Each person's life is lived as a series of conversations. Analyzing everyday conversations, and their effects on relationships, has been the focus of my career as a sociolinguist. In this book I listen to the voices of women and men. I make sense of seemingly senseless misunderstandings that haunt our relationships, and show that a man and a woman can interpret the same conversation differently, even when there is no apparent misunderstanding. I explain why sincere attempts to communicate are so often confounded, and how we can prevent or relieve some of the frustration (p. 13)

Recognizing gender differences frees individuals from the burden of individual pathology. Many women and men feel dissatisfied with their close relationships and become even more frustrated when they try to talk things out. Taking a sociolinguistic approach to relationships makes it possible to explain these dissatisfactions without accusing anyone of being crazy or wrong, and without blaming -- or discarding -- the relationship. If we recognize and understand the differences between us, we can take them into account, adjust to, and learn from each other's styles (p.17).

The sociolinguistic approach I take in this book shows that many frictions arise because boys and girls grow up in what are essentially different cultures, so talk between women and men is cross-cultural communication. A cross-cultural approach to gender differences in conversational style differs from the work on gender and language which claims that conversations between men and women break down because men seek to dominate women. No one could deny that men as a class are dominant in our society, and that many individual men seek to dominate women in their lives. And yet, male dominance is not the whole story. It is not sufficient to account for everything that happens to women and men in conversations -- especially conversations in which both are genuinely trying to relate to each other with attention and respect. The effect of dominance is not always the result of an intention to dominate. That is the news that this book brings (p. 18).

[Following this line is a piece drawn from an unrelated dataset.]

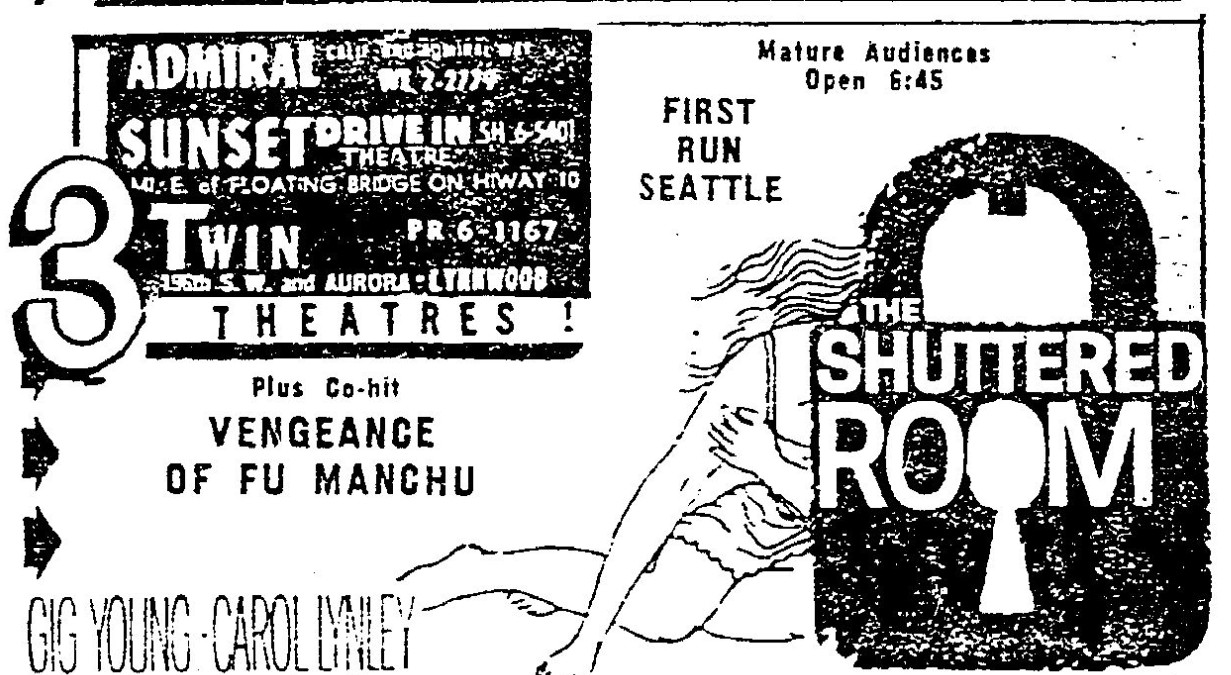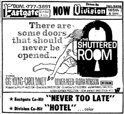 This is a collection of media from the initial runs of "The Shuttered Room" (1967) in the Pacific Northwest.
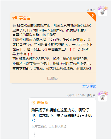 年后返工,楊小慧家椏柑和胡柚滯銷的現(xiàn)象還未得到解決,“雙童”立馬在公司各大群內(nèi),進(jìn)行連鎖式幫扶宣傳,大力鼓舞想嘗鮮的同事們接龍購(gòu)買,助銷水果!

If we can sort out differences based on conversational style, we will be in better position to confront real conflicts of interest -- and to find a shared language in which to negotiate them (p.18).

A Review
"A professor of linguistics at Georgetown University and the author of That's Not What I Meant!, Ms. Tannen has written a refreshing and readable account of the complexities of communication between men and women....Aside from the vivid examples and lively prose, what makes this book particularly engaging is that the author makes linguistics interesting and usable....This book will help many put their problems of communication with the opposite sex in a manageable perspective."
Ruth Rose
The New York Times Book Review.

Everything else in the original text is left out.